Yes, this is a very important difference. The _ā_ in the masculine _hāẓ(a)_ is very dark, like in "father".  The _ā_ in the feminine _hāḏ(i)_ is very closed articulated, like in "cat".  In German we write the letter "ä" for it.

In the masculine form not only the letter ẓ is emphatic, but more exactly the whole word.  Emphasis can be a demonstrative element in Arabic. Think of the name of god with an emphatic "l", which has also demonstrative character.




> Are you sure that applies to the feminine form as well? "il-binet hāḏ" sound totally wrong.



In rural Palestinian Arabic it is totally correct.  As I wrote, _hāḏ_ is pronounced very light, like _hääḏ_. But more often the form with final vowel is in use _il-binet hāḏi_.



> Even for masculine nouns? هاي بيتي sounds wrong as well.



Yes, it is possible also for masculine nouns.  As clevermizo already wrote, _hāy_ is not only "this is ..." but better "there is ..." You can say _hāy Mḥammad_ "Mḥammad, there he is". _hāy axūy_ "there is my brother" or "that's my brother". It is also a demonstrative particle to catch someones attentiveness, like the English "here" in the sentence "here, take it". Or you can use it like "look!": _hāy l-imʕallim_ "look, there is the teacher".  Instead of _hāy_ you can use in the same function the masculine _hāẓ(a)_ before masculine nouns.  But _hāy_ is also possible.

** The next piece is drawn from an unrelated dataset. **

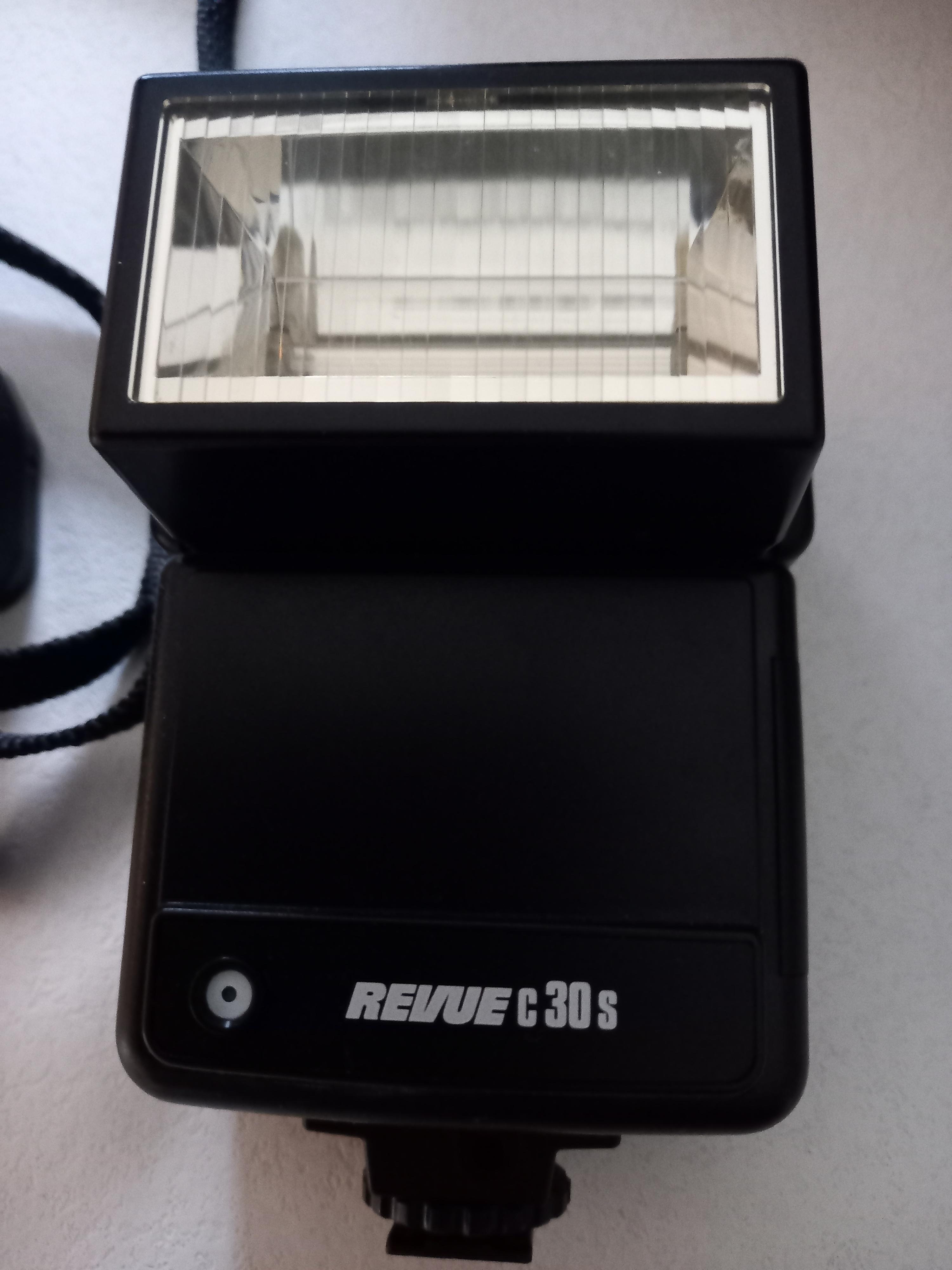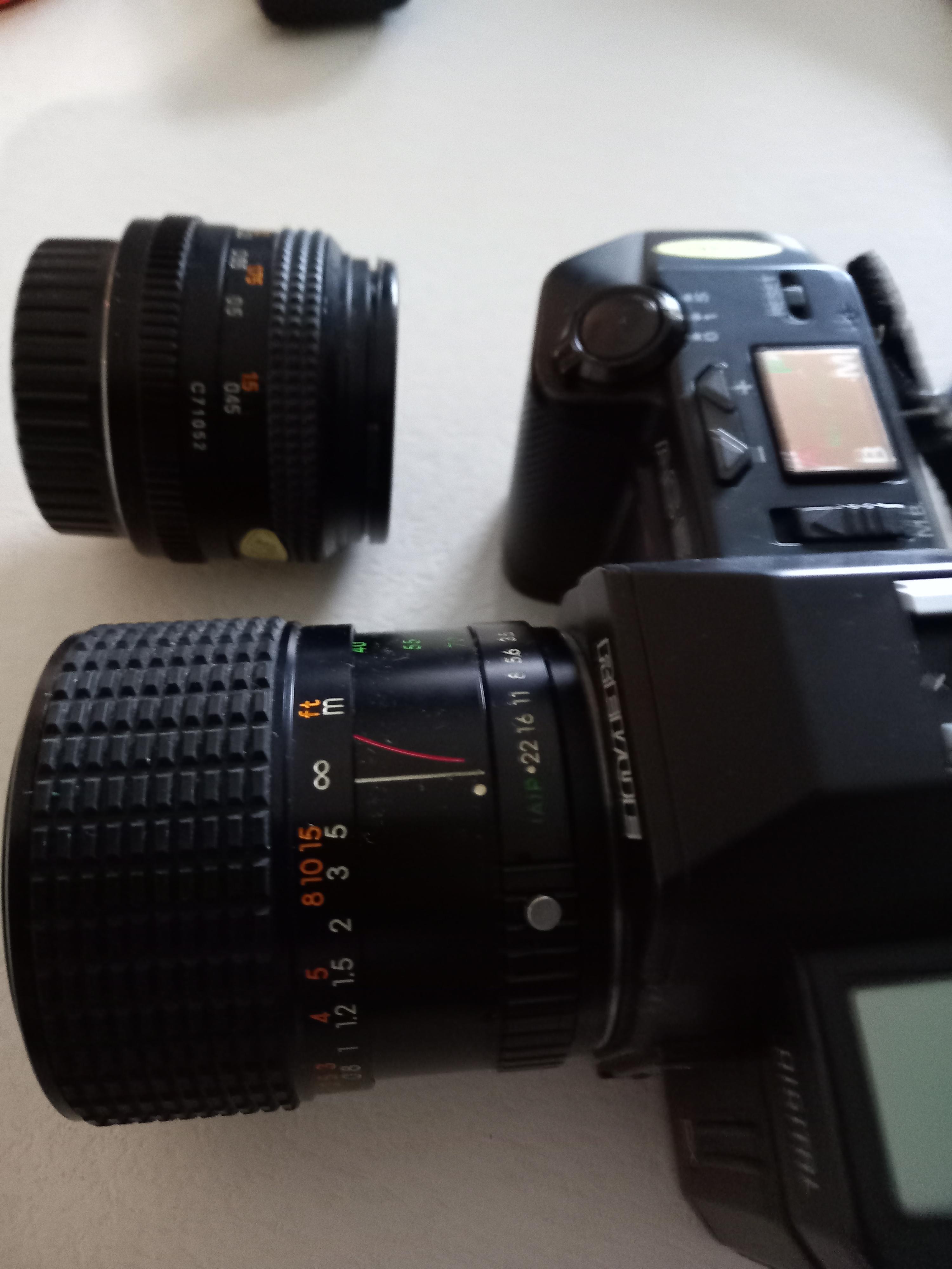 Appareil photo argentique, bon état, comprenant deux objectifs, un flash et coffret de rangement.

In very rare cases _hāy_ is used instead of _hāḏi_, for example _hāy is-sayyāra_ or _is-sayyāra hāy_ "this car". clevermizo is totally right when he says, that the difference in meaning "is not along human/non-human lines".



> The word you're talking about is pronounced "hay" in Palestinian Arabic, and not "hāy."



We mean the same word.  But there is a dispute wether it should be written long _hāy_ or short _hay_.  I think it is long, but others hear it short.  I don't know who is right.  What I didn't dare to write, because it is very strange, is my opinion that it should be transcribed correct _hāyy_.  Because in context forms, for example before an article, I hear the "y" long, what means that one should write it doubled. Maybe I am wrong ...


----------



## Eternal student

It's interesting and surprising (to a historical linguist) that the interdental fricative of these rural Palestinian dialects becomes emphatic just in the masculine demonstrative. Anyone have any explanation for this? And does this (an originally non-emphatic consonant becoming emphatic) happen in any other words in rural Palestinian? What about in any other dialects? What about the reverse: are there any dialects where emphatic consonants are generally preserved but become non-emphatic in a one or more words for some reason?

Don't know if anyone's still monitoring this thread, but I'd love to hear your thoughts if you are.


----------